If you have a gear that is so high or so low that you are out of the rpm range of the engine, a very small gear change can yield little or no results. Conversely, if you are close to the gear ratio, a very small change can produce dramatic results. Even the air pressure in the tire affects the final drive. If you've ever seen a Top Fuel or Funny Car leave the starting line, you can understand what I am talking about.
I hope I have helped you.
Mark Tutor General Manager
America Online Racing, Mooresville, NC
327 needs more torque
I race at a local 11/43-mile asphalt track in the Street Stock division with a '78 Camaro. I currently run a 327ci that is my backup engine. I had trouble with the 350. I like the way the small engine responds in traffic and coming out of the corners, but the 350s are killing me during the last half of the straights. Many engine builders have told me the 327 is a very reliable engine, because the shorter stroke is easier on the pistons, rods, and bearings. With my budget, reliability is a priority. Can you offer some suggestions on how to overcome this problem? The engine rules allow only cast-iron heads, intake, exhaust, flat-tappet cams, Holley 4412 two-barrel carburetors, and 11-1 max. Also, the rules give the small engine a 100-pound weight break.
Marc Utheim - via e-mail
The question you ask is interesting, and I would suggest several things. Let's start with your first problem. Basically, you have a lack of torque in a 327 compared to a 350. This can be explained because of the difference in the stroke characteristics of each engine. A 327 has a stroke of 3.250 inches, while a 350 has a stroke of 3.480 inches. This means the 327 will have the ability to accelerate more quickly and obtain a higher rpm than the 350 engine-but with less torque. So this obviously means the 350 will win out when it comes to torque.
Torque is a very important component in making horsepower. Here is a formula you can use to prove this to yourself:
Torque x rpm = Horsepower
As you can see, the 327 engine with less torque will require much higher rpm to equal the horsepower output of the 350 Chevrolet engine.
For the 327 to achieve any similarity in horsepower to a 350 it would, by definition, have to develop higher rpm levels. Doing that, of course, would have some negative ramifications for a 327. For example, the reciprocating weights in the engine (which include the weight of the piston, pin, rings, and pin end of the connecting rod) are increased on the square of the rpm. This produces thousands of pounds of force on the lower end of the connecting rod, rod bolts, rod bearing, and beam of the connecting rod, which are holding everything together. So, by trying to match the performance of the 350 through increased rpm, the stress on a 327 engine will be greater than on the 350.

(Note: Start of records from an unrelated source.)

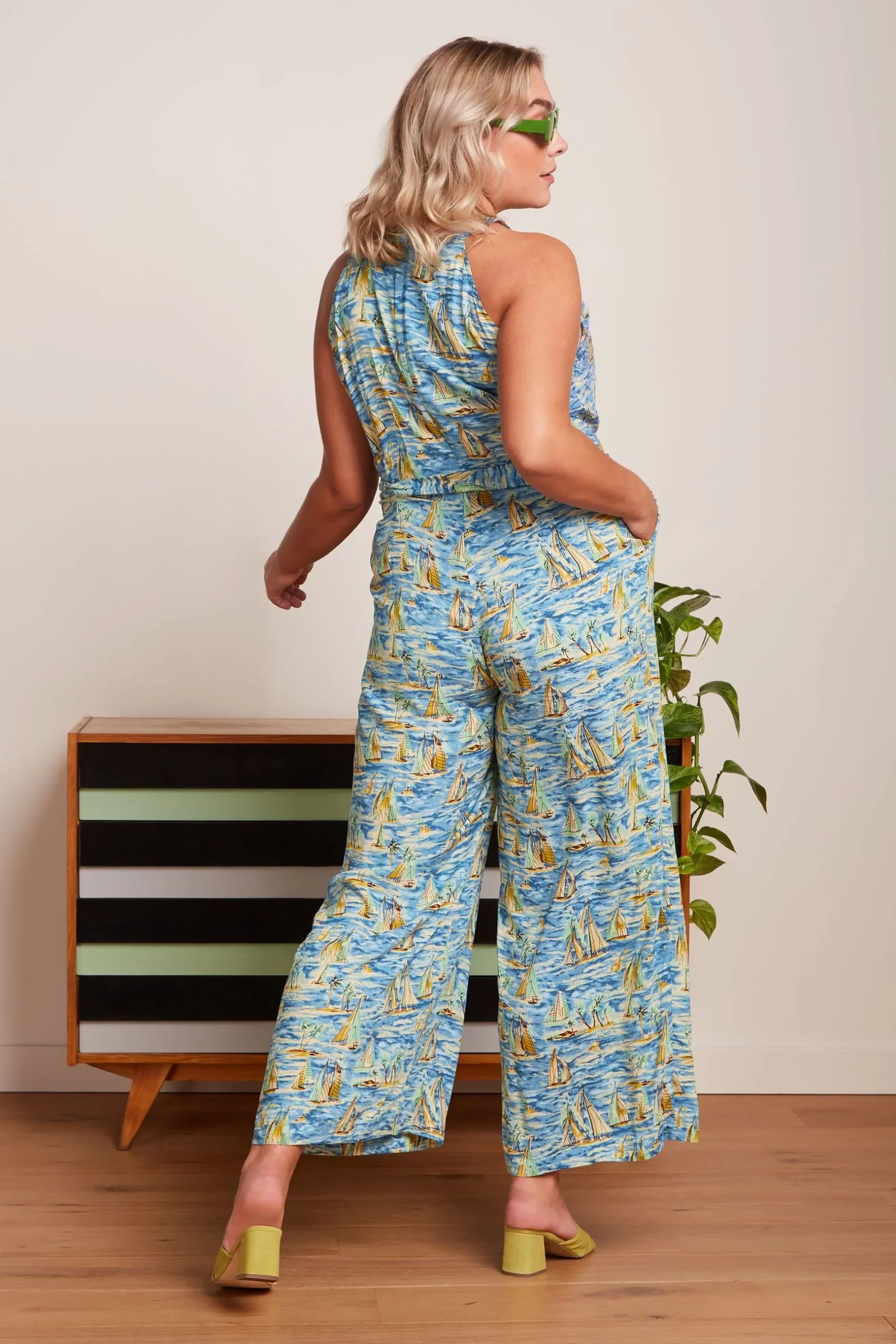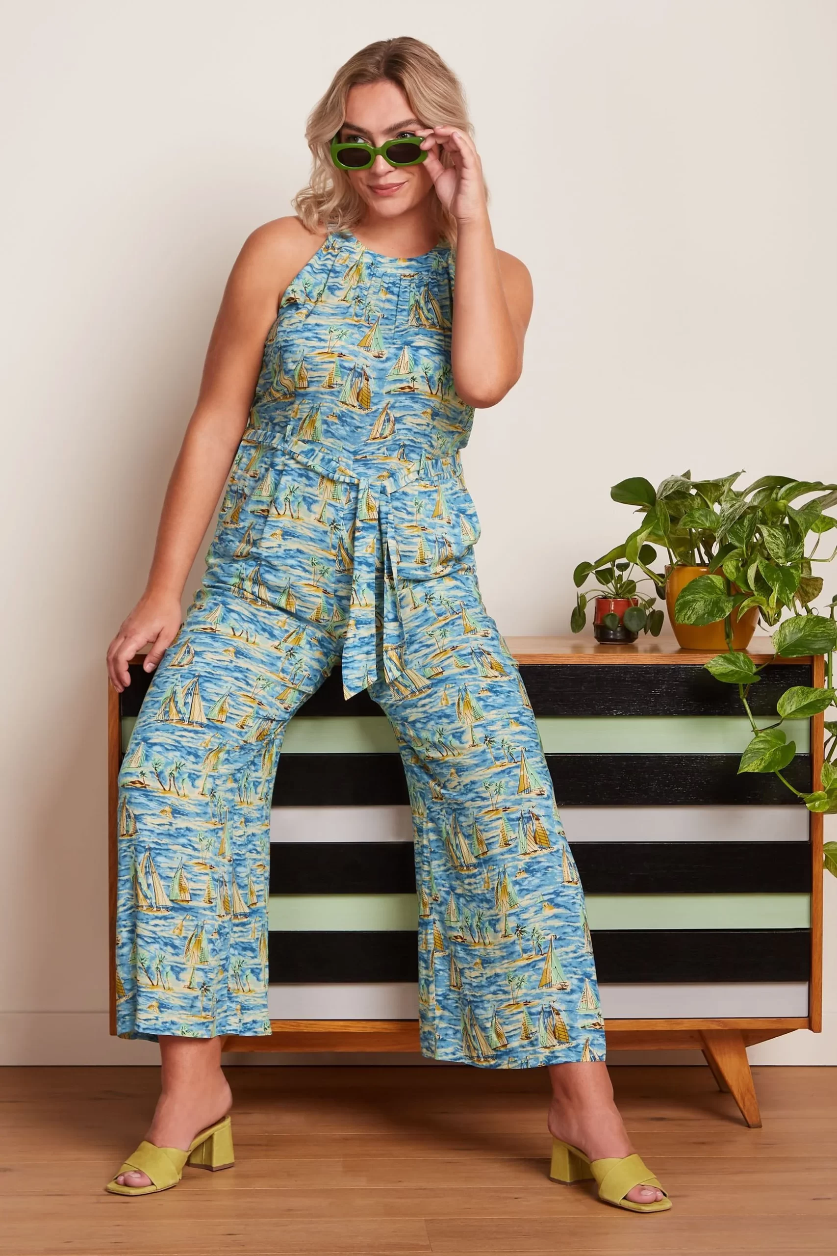The Virna dress turns into a versatile jumpsuit with a stylish halter neckline, practical side pockets, and a defining belt at the waist. In light viscose fabric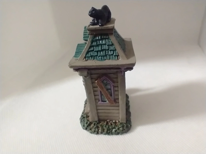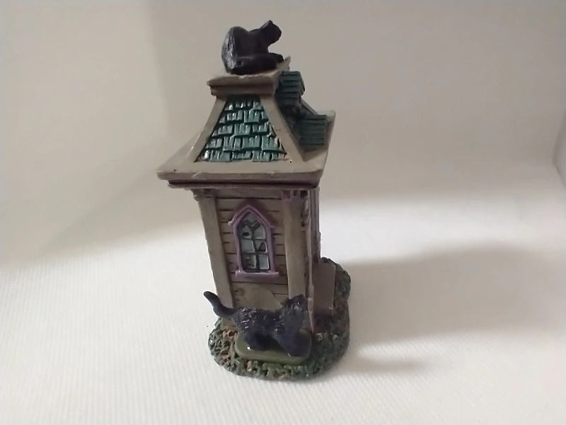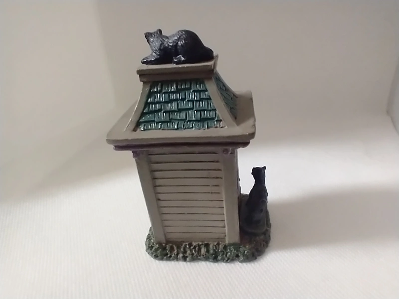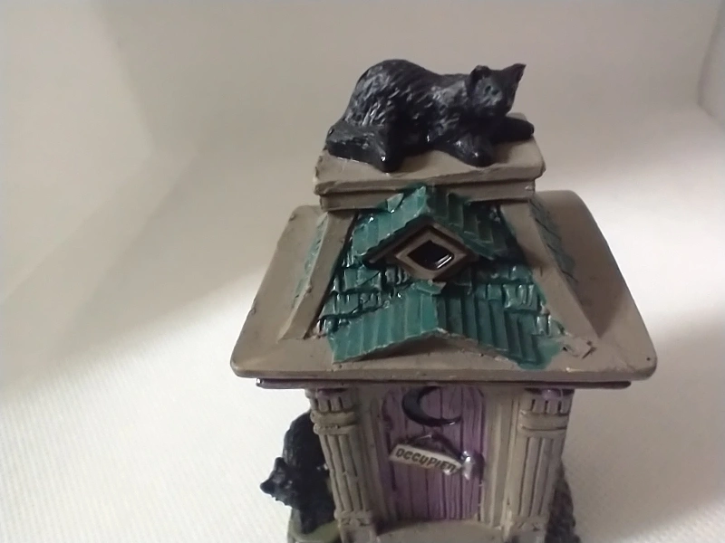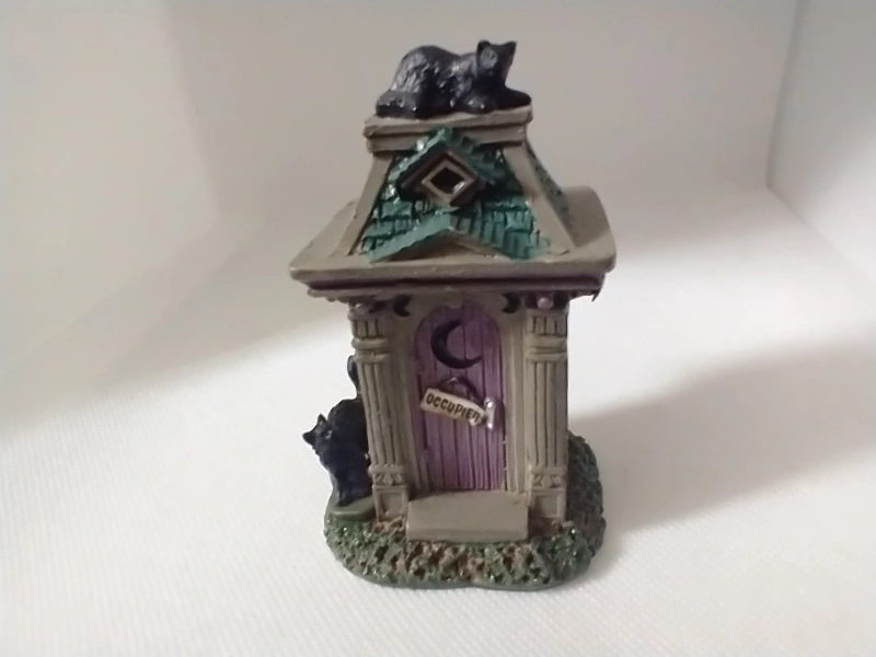 Excellent used condition of a spooky haunted outhouse complete with two black kitties anxiously waiting for their human (or ghoul) to come out...so they can ignore them. Crescent moon and "Occupied" sign on the door of this fun little decoration.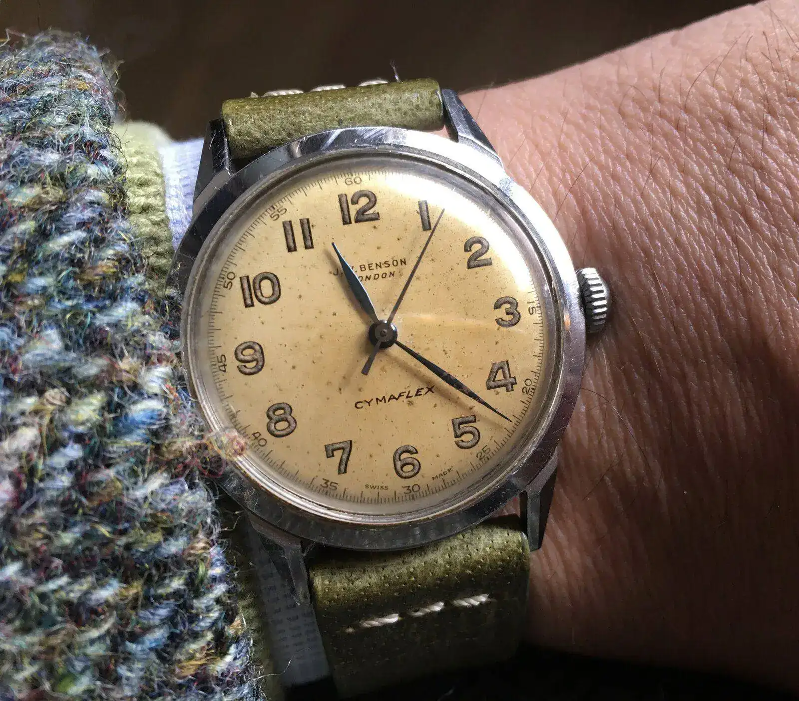 Disculpa una pregunta, compañero.Qureridos colegas vintageros, emborrachado por vuestros halagos de ayer y pretendiendo una elegancia impropia en mi, hoy me viste un pequeñín de 34mm y 56 años (como un servidor) y jamás restaurado que muestra un precioso dial "linen", para revisitar la vida del gran Stirling Moss, que a lo largo de toda su vida llevó diversos relojes pero siempre con el mismo brazalete que lleva mi Longines, según puede apreciarse en la segunda foto, y al que los apasionados del motor denominamos "brazalete Moss":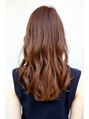 カールアイロンで動きを強めにつけたロングスタイルです。毛先と中間を32mmのアイロンで巻いて束が重ならないようにして動きをだしています。前髪は斜めに流れるようにスライドカットを用いて切り、カラーは明るい印象を与えるオレンジアッシュ。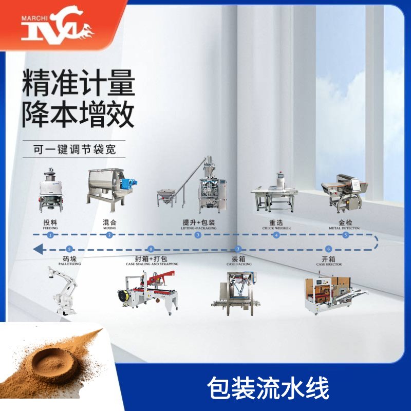 作(zuò)為智能化包裝領域的全球化解決(jué)方案提供商,廣州邁(mài)馳包裝設備(bèi)有限(xiàn)公司(Guangzhou Maichi)深耕包裝流水線、全自動流水線包裝(zhuāng)設備、自動化包裝流水線研發製造多年,以立式粉末包裝機為核心技術載體,打造覆蓋多行業、全場景的自動(dòng)化包裝解決方案。依(yī)托強大的研發實力與(yǔ)行業積澱,公司推出(chū) MC-5000D(1-2kg)、MC1100 (5-15kg)係列立式粉末包(bāo)裝(zhuāng)機(jī),憑(píng)借(jiè)精準計量、無塵作業、穩定高(gāo)效(xiào)的核(hé)心優勢,深度適配食品、醫藥、化工、建材等行業粉(fěn)末物料包裝(zhuāng)需求,構建從單機到整線的一體化服務體(tǐ)係,為全球企業提供降本增效、品質可控的自動化包裝升級支(zhī)持,成為行業認(rèn)可的標杆品牌。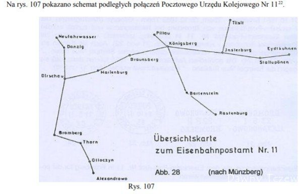 Na rys. 107 pokazano schemat podległych połączeń Pocztowego Urzędu Kolejowego
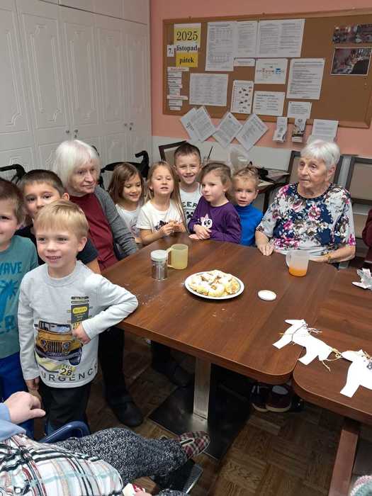 Svatomartinské dopoledne jsme v Domově na Zámku prožili ve znamení pohody, tvoření a vůně čerstvě upečených dobrot. Společně se seniory jsme pekli svatomartinské rohlíčky, které se krásně povedly a všem chutnaly. Nechybělo ani tvoření – vyráběli jsme papírové koníky s bohatými hřívami, kteří nám připomněli legendu o svatém Martinovi. Dopoledne jsme si všichni moc užili a odcházeli jsme s úsměvem a dobrým pocitem ze společně stráveného času.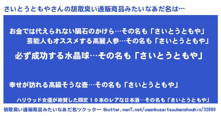 | 肩書あだ名 | 『さいとうともや店長』 |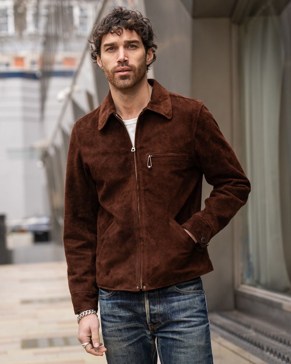 Crafted from 0.8mm-thick French horsehide suede, the jacket is soft but tough, offering immediate comfort and long-lasting durability. The vegetable-tanned leather gives it a unique character that develops over time.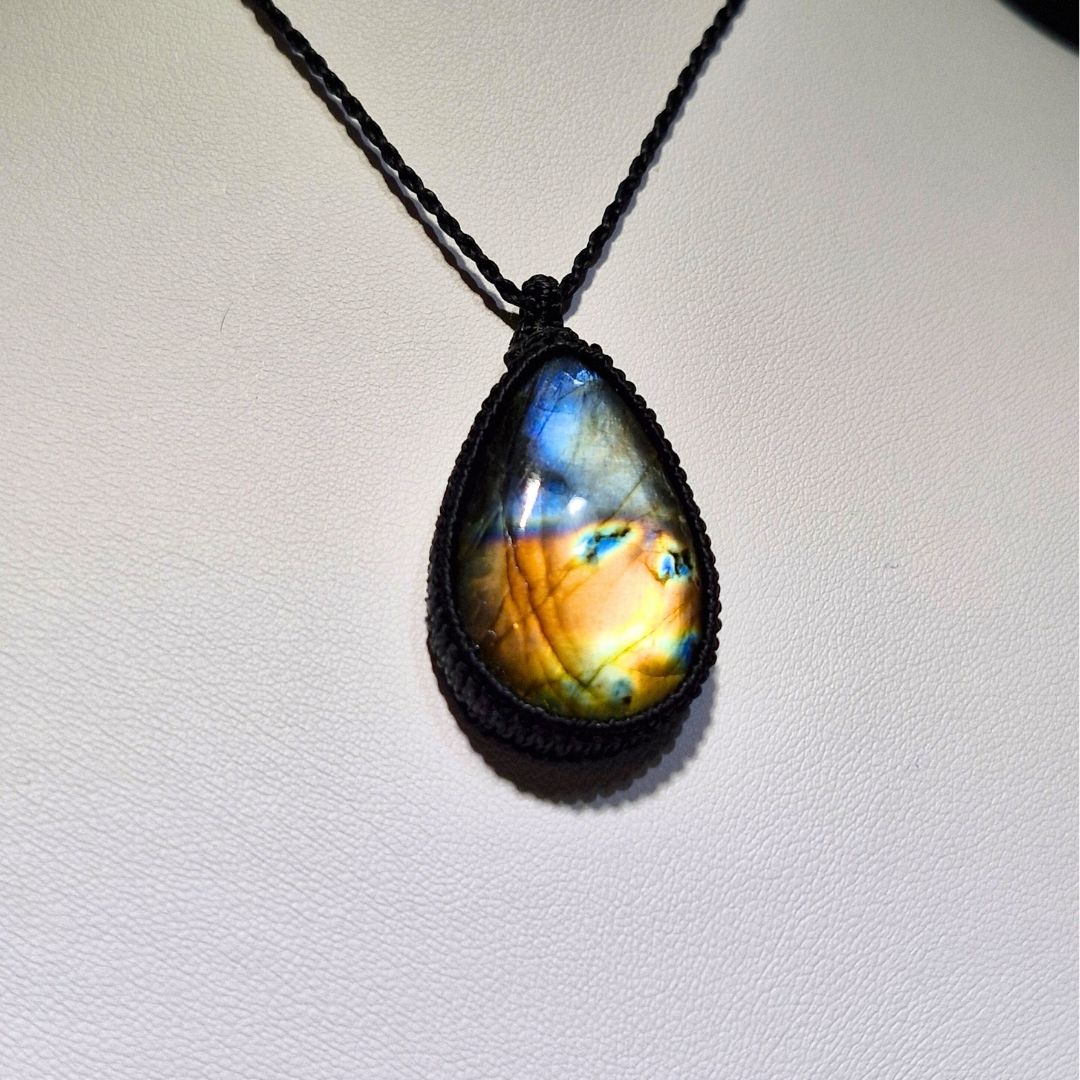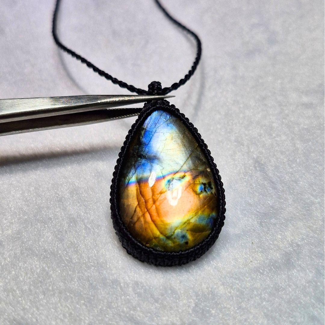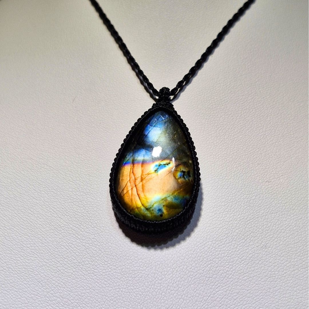 輝くラブラドライトを使用したこの美しいマクラメペンダントは、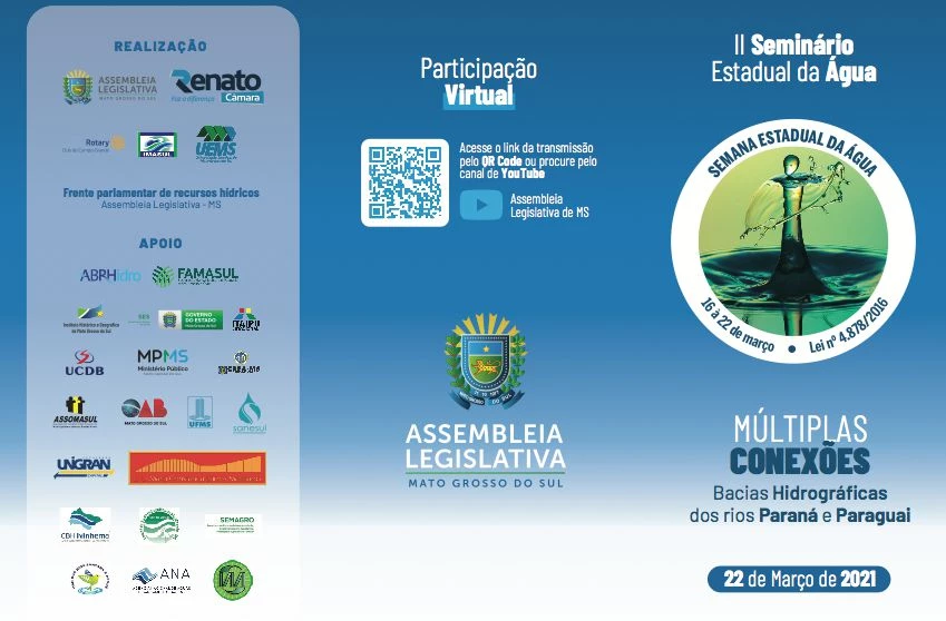 O evento integra as ações da Semana Estadual da Água e é uma realização conjunta do Imasul, da Frente Parlamentar de Recursos Hídricos da Assembleia Legislativa de Mato Grosso do Sul e do Rotary Club de Campo Grande, da UEMS, com apoio da UCDB e outras instituições parceiras.

Now let's move to the next issue. Should you decide to continue to use the 327 and raise the rpm level, you will have a significant problem trying to supply sufficient air to the engine through a two-barrel 4412 carburetor (500 cfm). When you add that to the fact that you are only allowed a stock cast-iron intake and exhaust manifold, the possibility of matching the output of a 350 seems even more remote.
The only advantage you have going for you in this situation is the 100-pound weight reduction, but this is not likely to be enough to compensate for the superior power of the 350. The fact is that on an equal basis, it's usually very difficult to give up cubic inches and at the same time remain competitive.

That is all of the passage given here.